Further, many of these herbs are broadly classified as “heat clearing,” meaning that their value as an anti-infective is not merely limited to bacteria but assist the body in fighting off viral infections as well. Thus, regardless as to whether one decides to use antibiotics or not, there is a complementary value in using heat clearing herbs synergistically to possibly promote improved recuperation and health.

In general, it’s been a slow uphill battle convincing even natural remedy-friendly people to use herbs for infections instead of going to the ‘˜doc’ for a prescription of antibiotics. Unfortunately, the first thing most people think about when they have an infection, sore throat, flu or cold is to get some antibiotics. (This is true despite the fact that many of these conditions are viral and antibiotics are not effective against viruses.)

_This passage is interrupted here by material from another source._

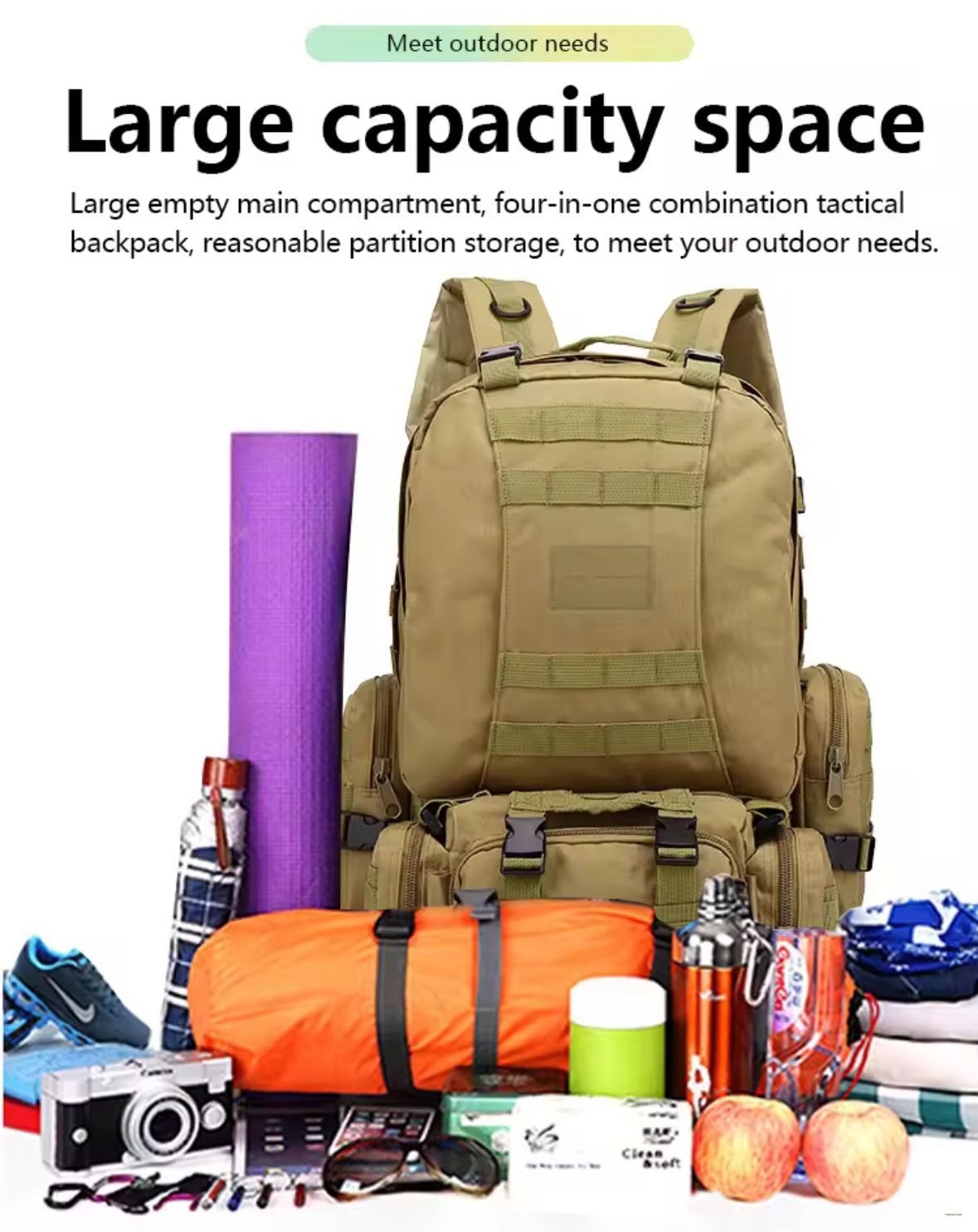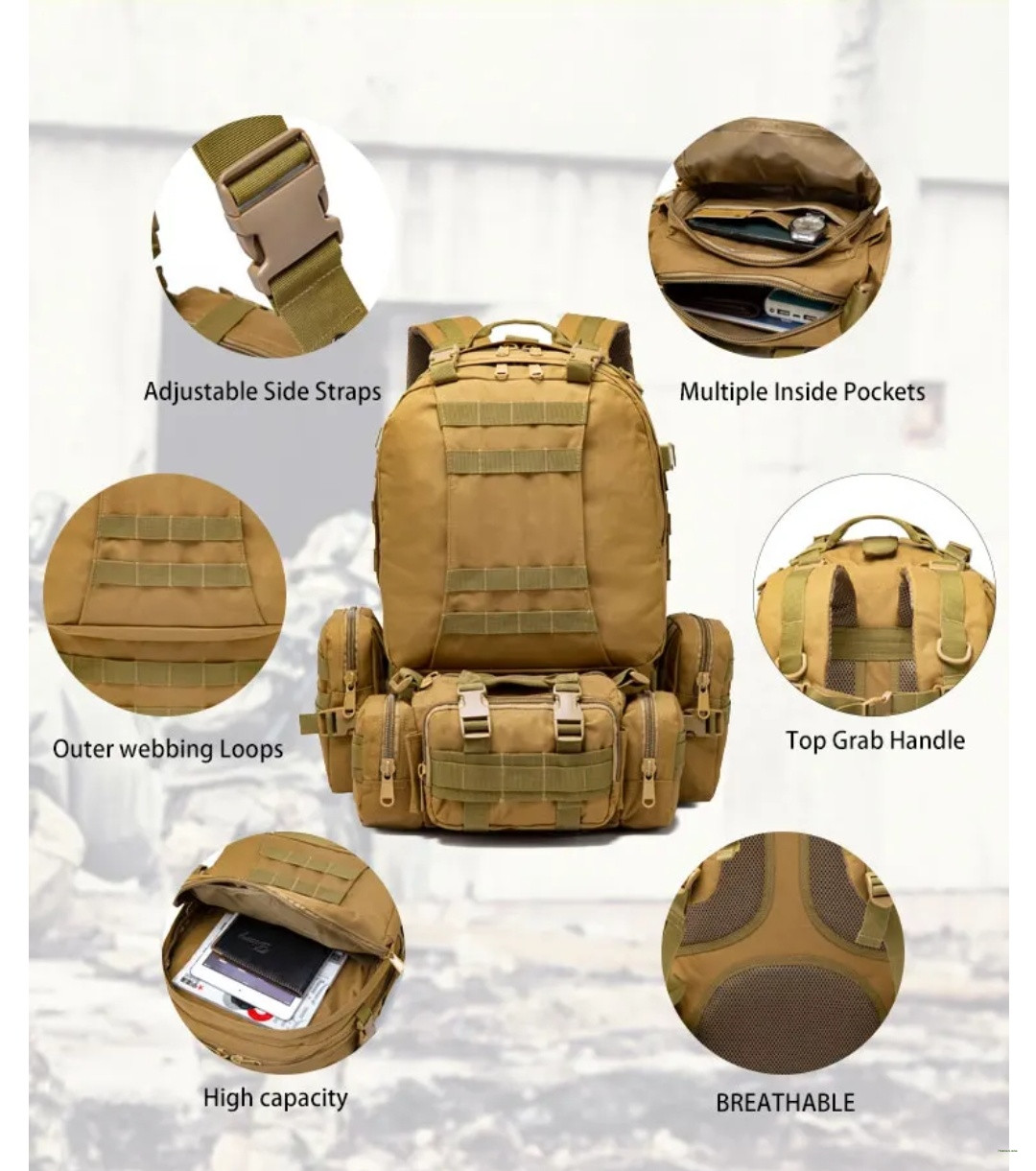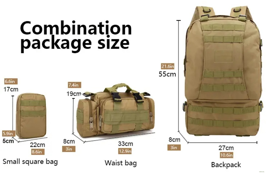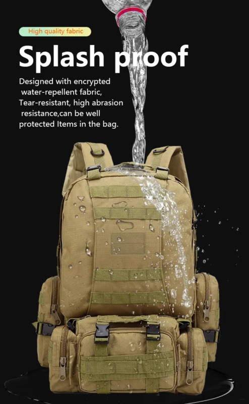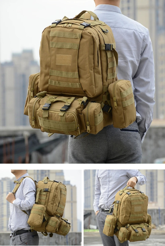 Gear up for your next adventure with our 55L Camping Backpack 4-in-1 Molle Tactical Rucksack—the ultimate companion for hiking, camping, military, or tactical operations.

While the value of echinacea as an alternative to antibiotics is yet to be corroborated by scientific research (currently it is still mired in dead-end studies trying to prove its efficacy for colds and flu), oregano, specifically oil from wild Mediterranean oregano, has had considerable research supporting its use as an antibiotic alternative. In addition to the Carvocrol study mentioned above, studies conducted at Georgetown University, Cornell University, and the University of Tennessee have shown oregano oil to rival the effectiveness of standard antibiotics such as Streptomycin, Penicillin, Vancomycin, Nystatin, and Amphotericin.

Do we really need more proof that herbs such as oregano still have a place even in crisis medicine, offering a safe alternative to pharmaceutical antibiotics?

How to take oregano oil

The adult dose of 4-6 drops of 100% pure essential oil of oregano diluted with approximately three parts olive oil can be taken by mouth and applied locally about 10 times daily. Children may take less according to age, 1 to 3 drops mixed with milk or juice.

The course of treatment should not exceed 10 days total.

If taken undiluted, oregano essential oil may cause minor gastric discomfort. Otherwise, if it is mixed with a carrier oil, it poses no problem.

It is probably better that it not be used during pregnancy but nothing is known regarding any possible contraindications.